Daniel Fenn has been employed as a Computational Scientist at Lawrence Livermore National Laboratory since 2019. In this role, he focuses on developing models and algorithms that enhance the understanding and prediction of physical phenomena. His work involves utilizing high-performance computing to analyze large volumes of unorganized data, contributing to advancements in various scientific fields.

Education and Expertise

Daniel Fenn holds a Doctor of Philosophy (PhD) in nuclear science and engineering from the Massachusetts Institute of Technology.
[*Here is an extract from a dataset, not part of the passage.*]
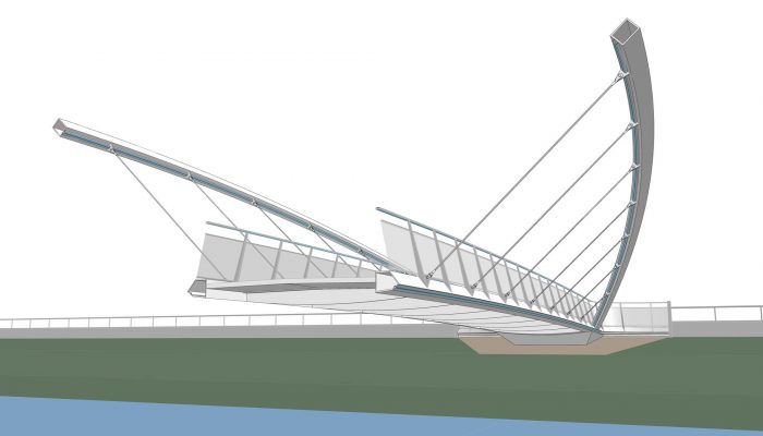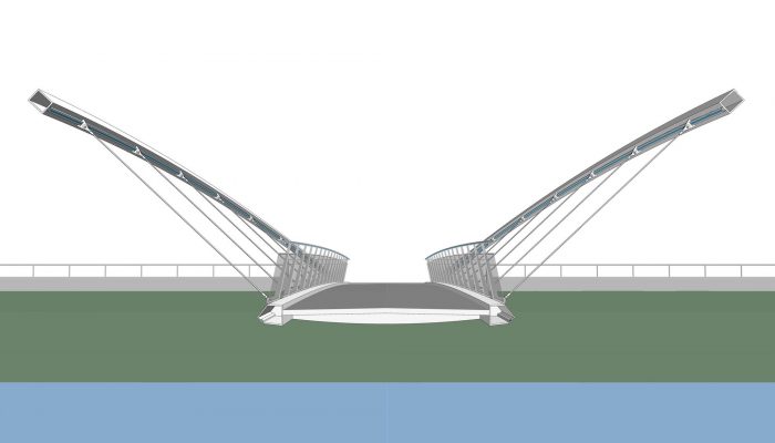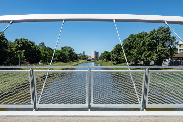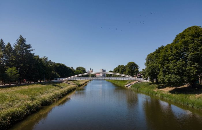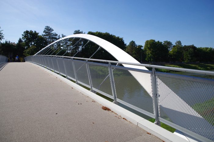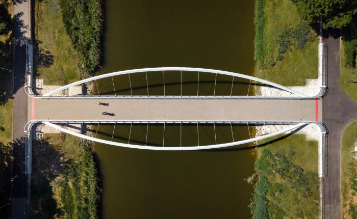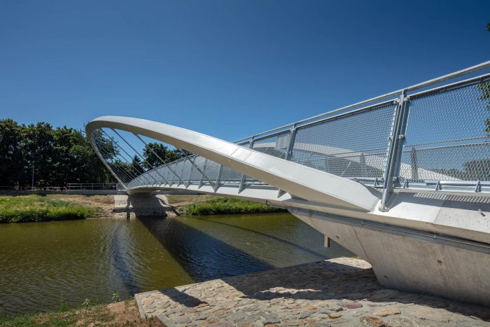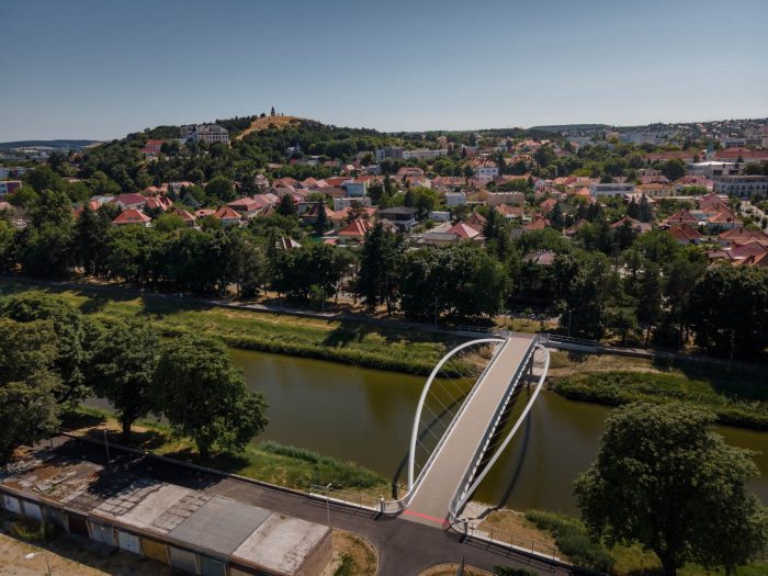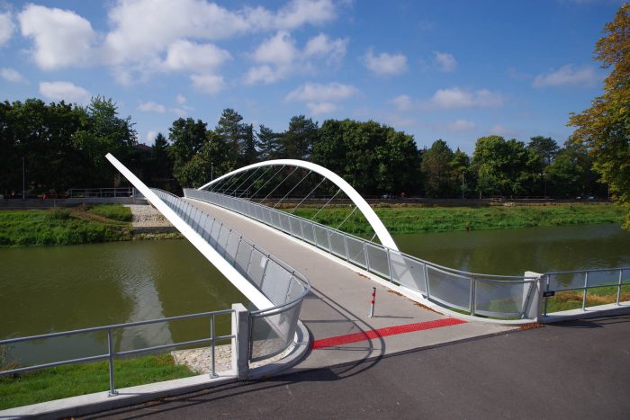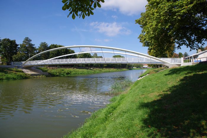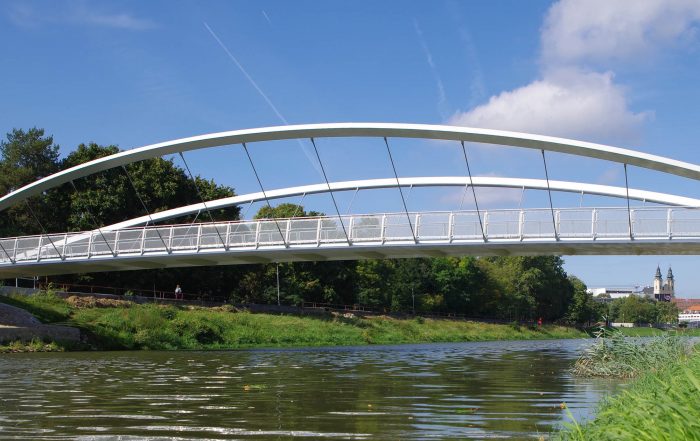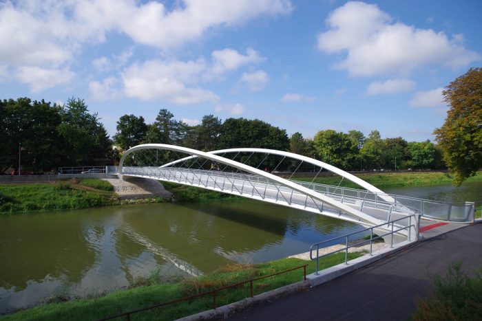 The bridge connects pedestrian and cyclist trails situated along both banks of the River Nitra in a city of the same name. Due to local constraints the bridge structure with a very slender deck was required. Also, any load bearing members, such as pylons and cables, situated beyond the sidewalks were not allowed. Therefore, an economical tied arch structure, which represents a most logical solution, has been chosen. To allow an un-disturbing view of a historic centre of the city, the rise of the arches is as small as possible. To open the space and to invite using the bridge, the deck is suspended on outwards inclined arch ribs. In this way the river bridging received a modern, dynamic appearance.

He completed his PhD from 2011 to 2016. Prior to this, he earned a Bachelor of Science (BS) in Physics from Utah State University from 2007 to 2011. His educational background equips him with a strong foundation in computational science and physics, enabling him to tackle complex engineering and operational questions.

Background

Daniel Fenn has a diverse professional background in computational science and data analysis. He served as a Research Fellow at Los Alamos National Laboratory for three months in 2013 and worked as a Research Assistant at NASA Goddard Space Flight Center for three months in 2010. He also held positions as a Data Scientist for the United States Air Force from 2017 to 2019 and as an Undergraduate Research Assistant at Space Dynamics Laboratory from 2008 to 2011.

Achievements

Daniel Fenn is recognized as one of the first graduates of the NIF–MIT Ph.D. Thesis Program. He has accumulated ten years of experience in developing theories and applying solutions across various domains, including physics and engineering. His expertise in high-performance computing and data exploitation has positioned him as a valuable contributor to scientific research and development.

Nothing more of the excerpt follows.